**DATA TO EXAMINE**
╭──
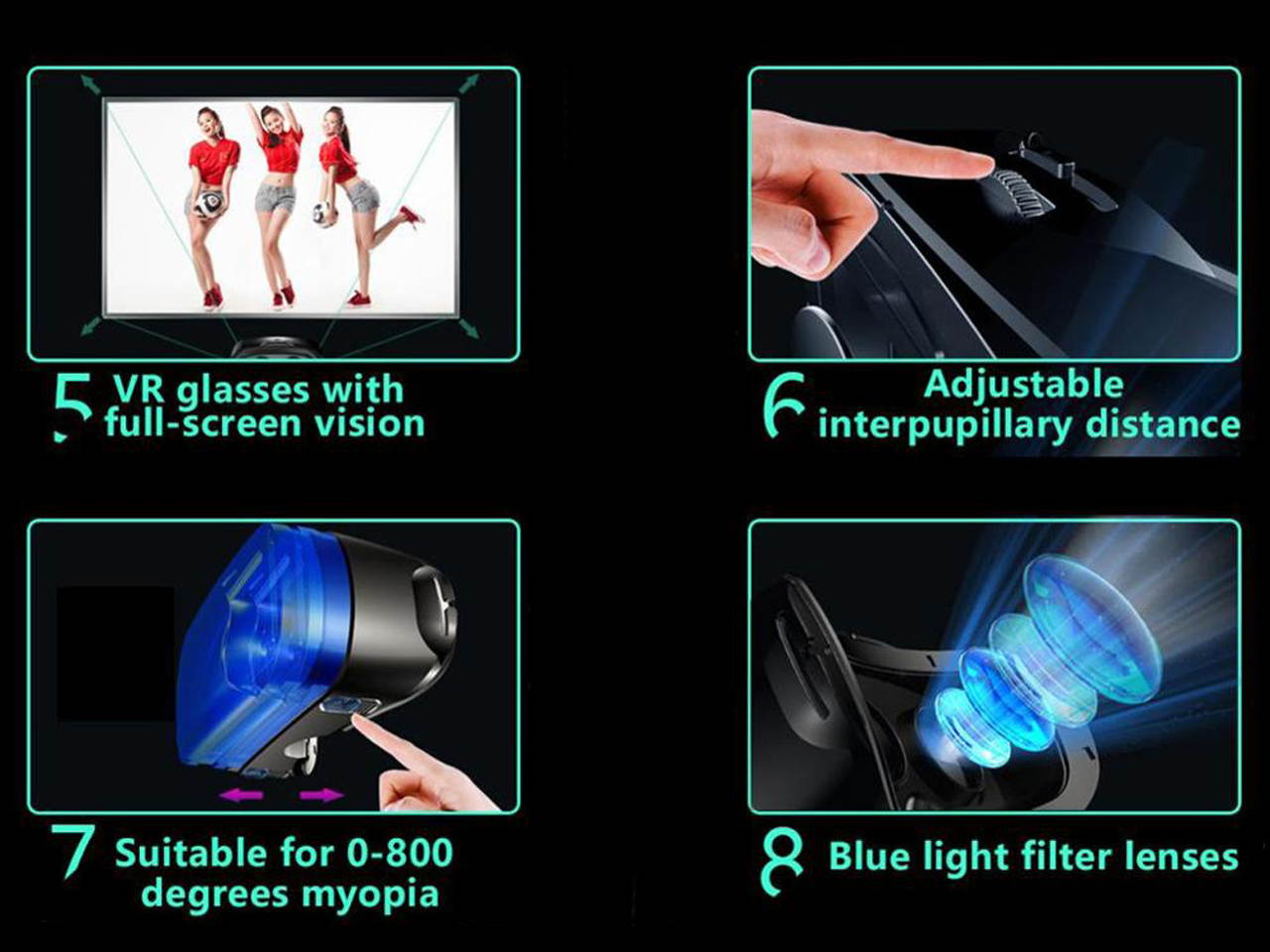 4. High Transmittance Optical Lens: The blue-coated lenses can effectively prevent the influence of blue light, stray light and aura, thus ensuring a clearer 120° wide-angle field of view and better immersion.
╰──
╭──
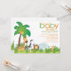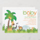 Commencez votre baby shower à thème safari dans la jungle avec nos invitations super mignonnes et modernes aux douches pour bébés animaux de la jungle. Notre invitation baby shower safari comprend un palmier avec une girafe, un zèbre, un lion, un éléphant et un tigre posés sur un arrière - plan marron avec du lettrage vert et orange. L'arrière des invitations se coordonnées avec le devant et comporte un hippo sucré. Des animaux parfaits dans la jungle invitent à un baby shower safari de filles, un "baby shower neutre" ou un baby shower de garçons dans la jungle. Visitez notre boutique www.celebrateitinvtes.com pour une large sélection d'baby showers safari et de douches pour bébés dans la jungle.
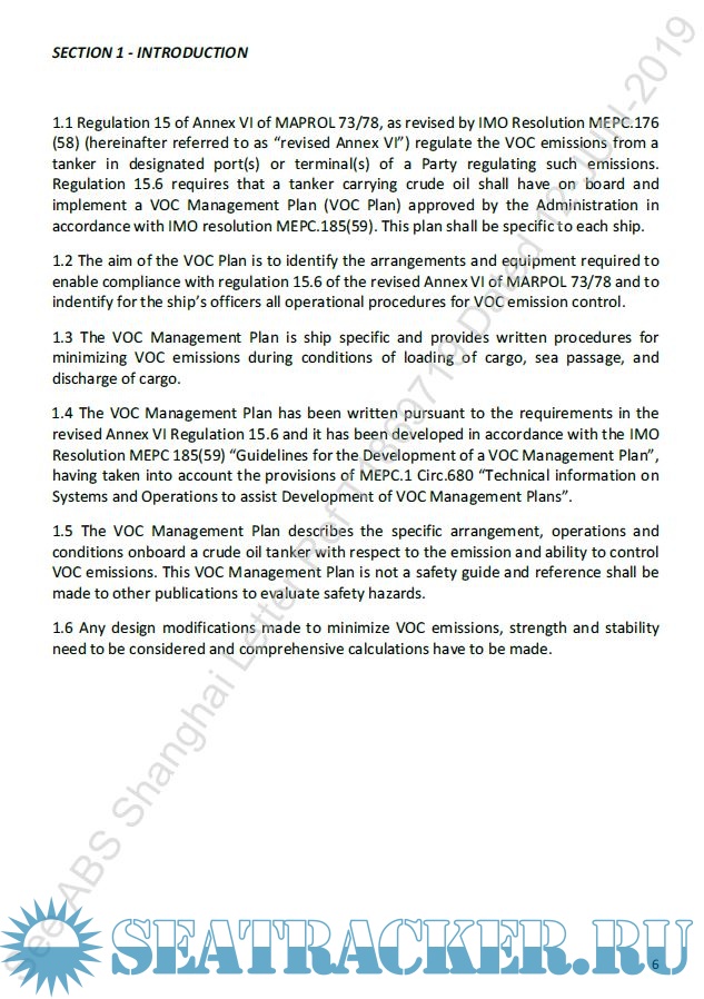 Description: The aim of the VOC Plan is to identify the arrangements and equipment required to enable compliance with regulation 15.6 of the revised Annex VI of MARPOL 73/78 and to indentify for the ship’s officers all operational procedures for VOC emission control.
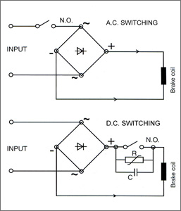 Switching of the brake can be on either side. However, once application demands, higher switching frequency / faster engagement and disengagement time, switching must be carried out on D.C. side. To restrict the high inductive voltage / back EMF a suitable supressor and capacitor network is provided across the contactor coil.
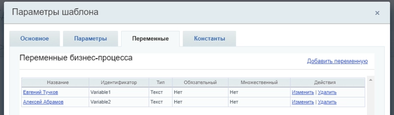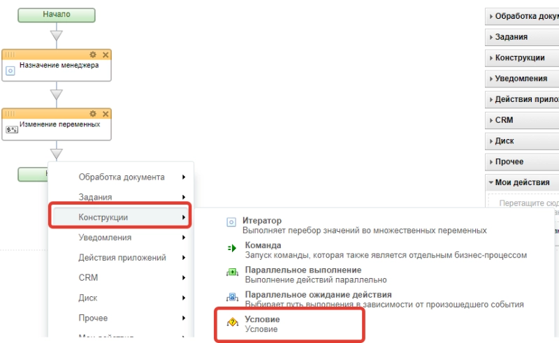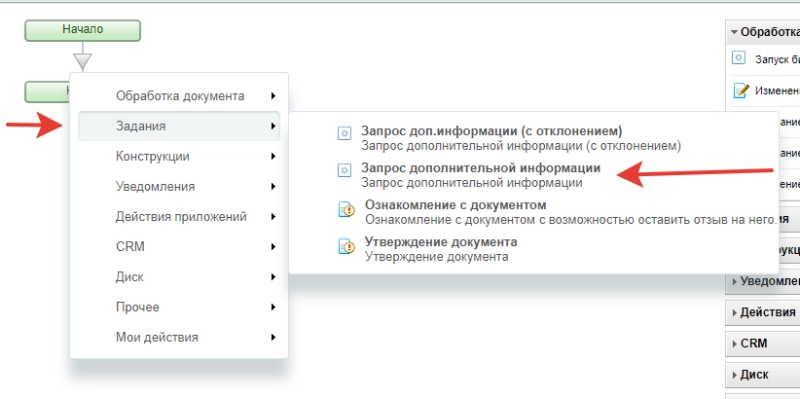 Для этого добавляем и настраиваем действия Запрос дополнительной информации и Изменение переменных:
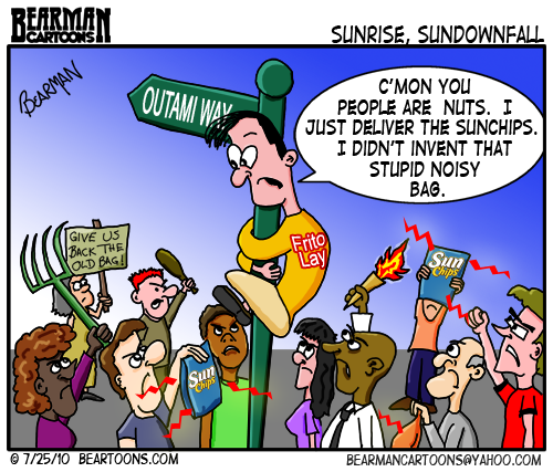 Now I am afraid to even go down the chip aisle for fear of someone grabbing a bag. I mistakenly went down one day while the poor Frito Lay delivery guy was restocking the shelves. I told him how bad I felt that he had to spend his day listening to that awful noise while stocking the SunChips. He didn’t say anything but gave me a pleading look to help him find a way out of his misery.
╰──
Skipping every picture, transcribe exactly the lines above from the one containing "Switching of the" through the one containing "Для этого добавляем", both included.

**WORKED SOLUTION**
 Switching of the brake can be on either side. However, once application demands, higher switching frequency / faster engagement and disengagement time, switching must be carried out on D.C. side. To restrict the high inductive voltage / back EMF a suitable supressor and capacitor network is provided across the contactor coil.
 Для этого добавляем и настраиваем действия Запрос дополнительной информации и Изменение переменных:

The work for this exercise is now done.